**ENTRIES PROVIDED**
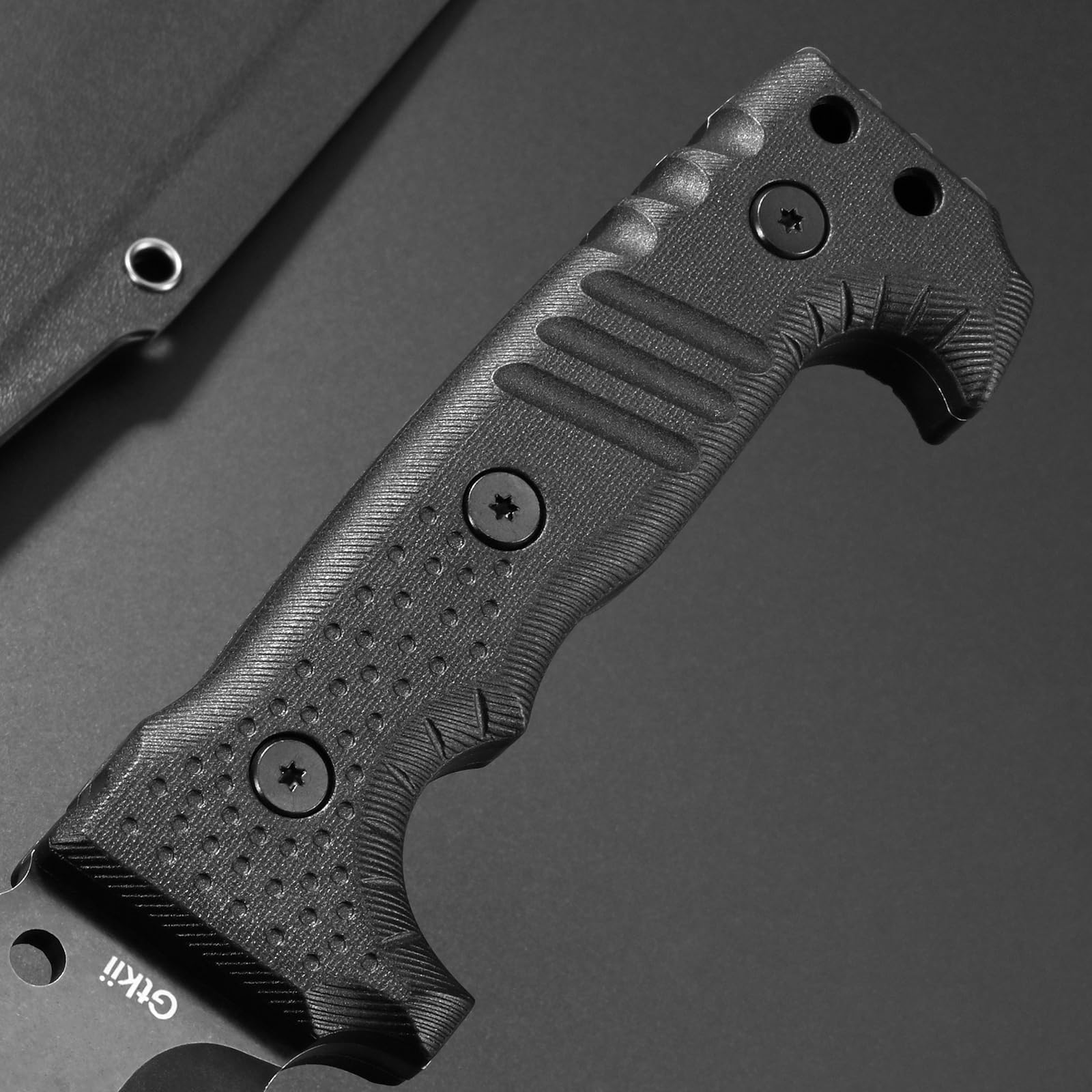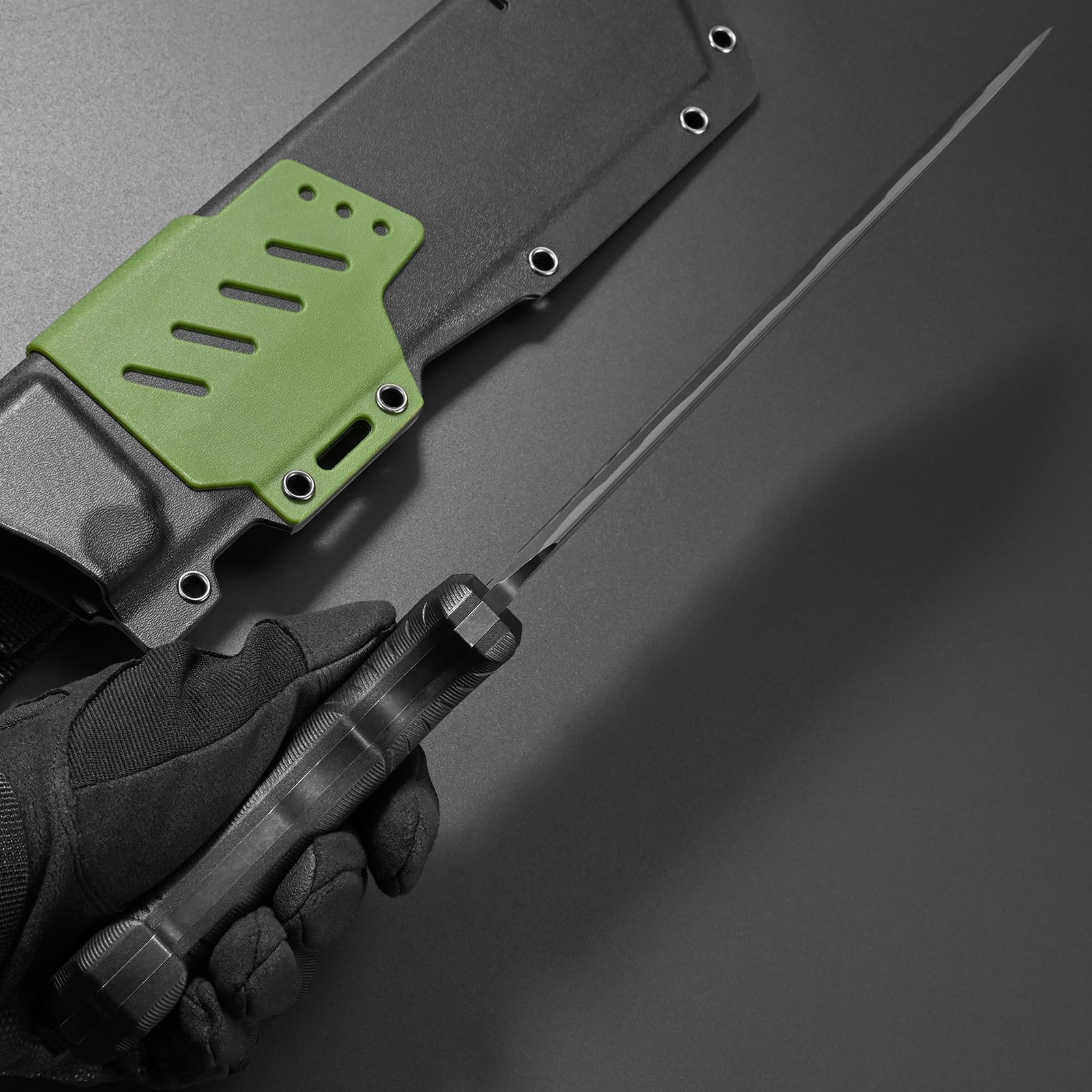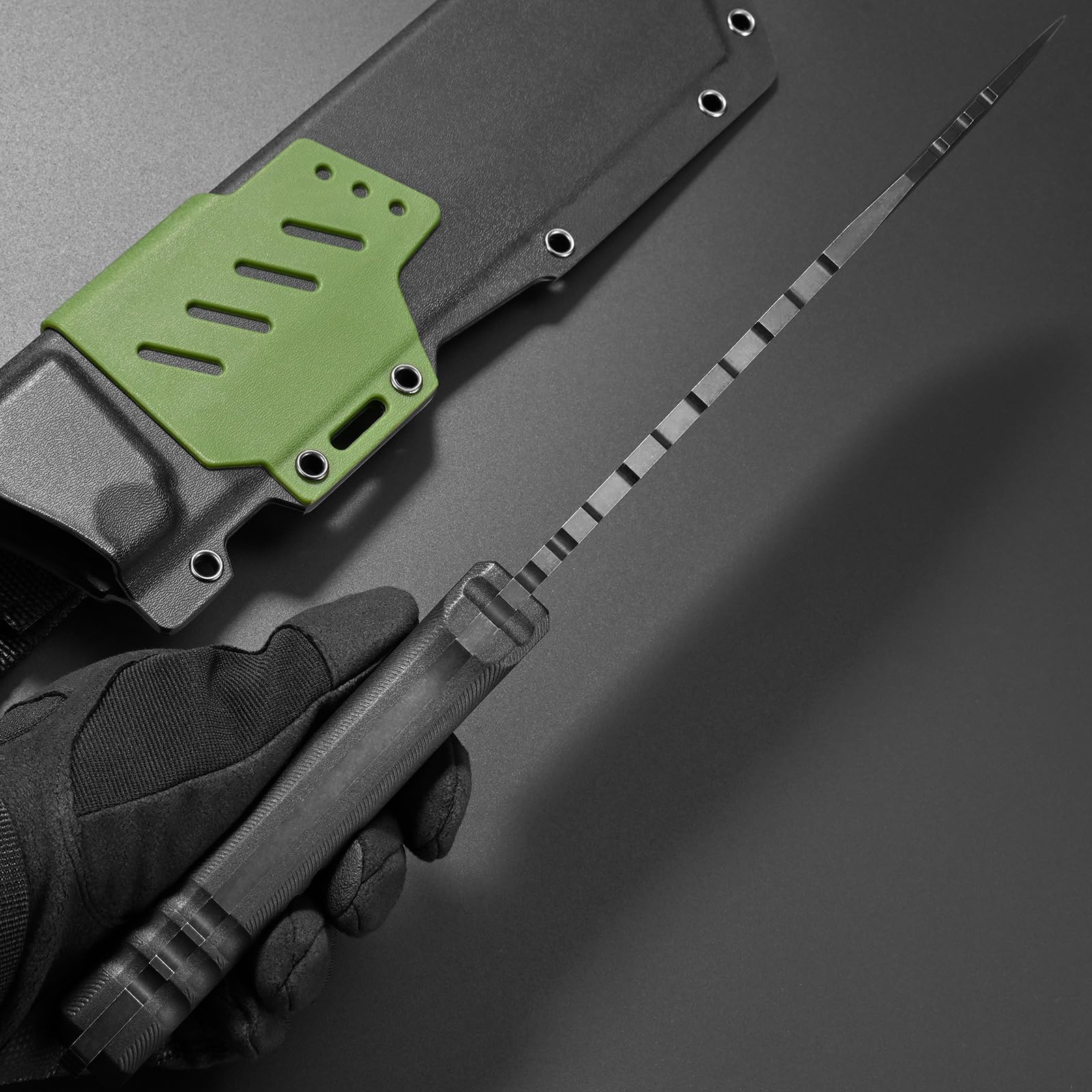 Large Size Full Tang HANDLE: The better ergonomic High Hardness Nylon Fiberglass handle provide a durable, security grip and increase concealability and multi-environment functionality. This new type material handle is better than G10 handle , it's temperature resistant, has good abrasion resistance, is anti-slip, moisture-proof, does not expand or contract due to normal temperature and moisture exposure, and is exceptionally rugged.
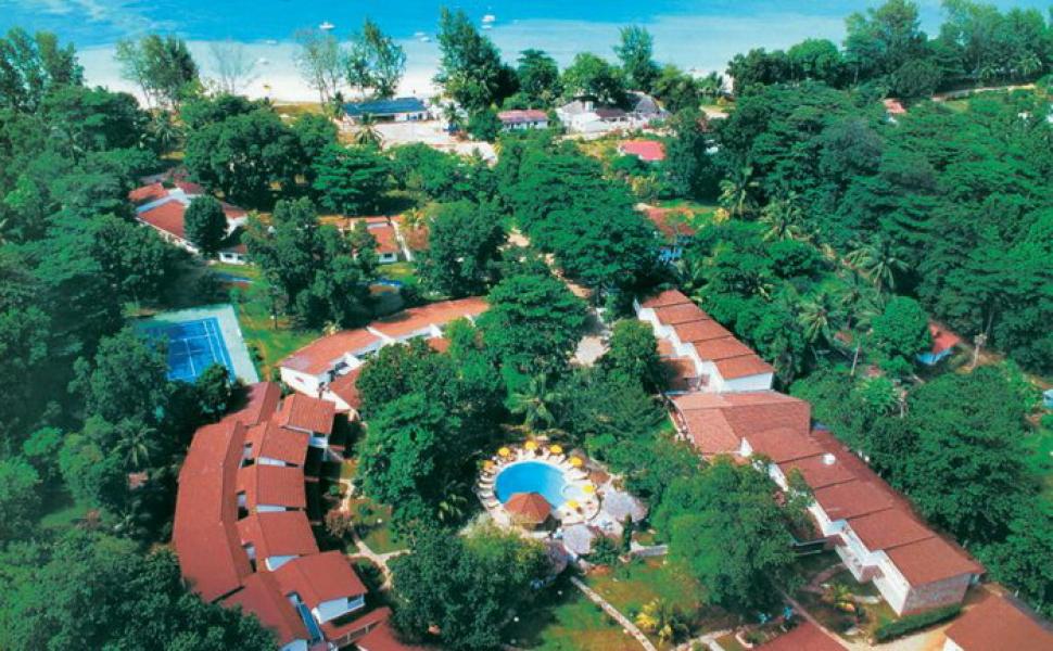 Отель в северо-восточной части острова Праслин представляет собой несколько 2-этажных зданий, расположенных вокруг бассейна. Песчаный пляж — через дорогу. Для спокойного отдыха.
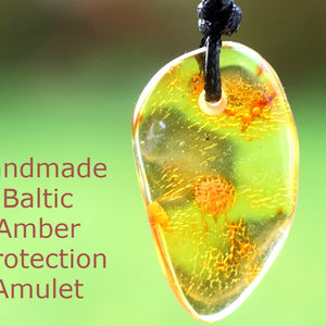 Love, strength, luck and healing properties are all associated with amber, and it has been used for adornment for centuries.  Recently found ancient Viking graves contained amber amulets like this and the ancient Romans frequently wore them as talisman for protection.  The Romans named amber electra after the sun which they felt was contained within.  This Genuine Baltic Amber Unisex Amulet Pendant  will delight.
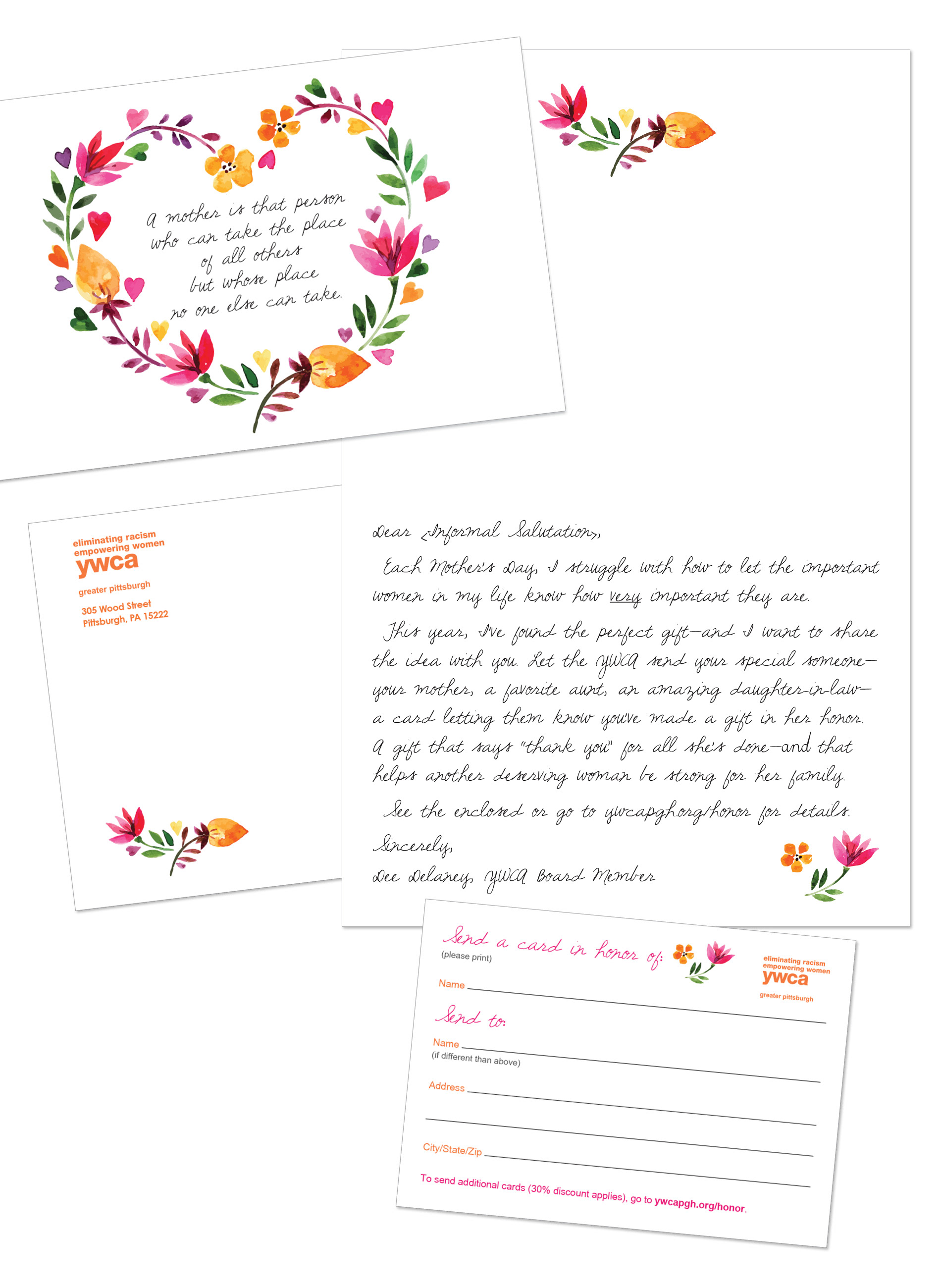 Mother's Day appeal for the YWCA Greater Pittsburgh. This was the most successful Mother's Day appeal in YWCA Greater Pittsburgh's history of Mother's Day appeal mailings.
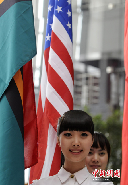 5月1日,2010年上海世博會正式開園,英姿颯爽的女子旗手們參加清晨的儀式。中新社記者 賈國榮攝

**PROBLEM DESCRIPTION**
Locate "Mother's Day appeal for" in the entries above. Copy, exactly and only, the lines from that line to the end, leaving out the pictures.

**RESPONSE**
 Mother's Day appeal for the YWCA Greater Pittsburgh. This was the most successful Mother's Day appeal in YWCA Greater Pittsburgh's history of Mother's Day appeal mailings.
 5月1日,2010年上海世博會正式開園,英姿颯爽的女子旗手們參加清晨的儀式。中新社記者 賈國榮攝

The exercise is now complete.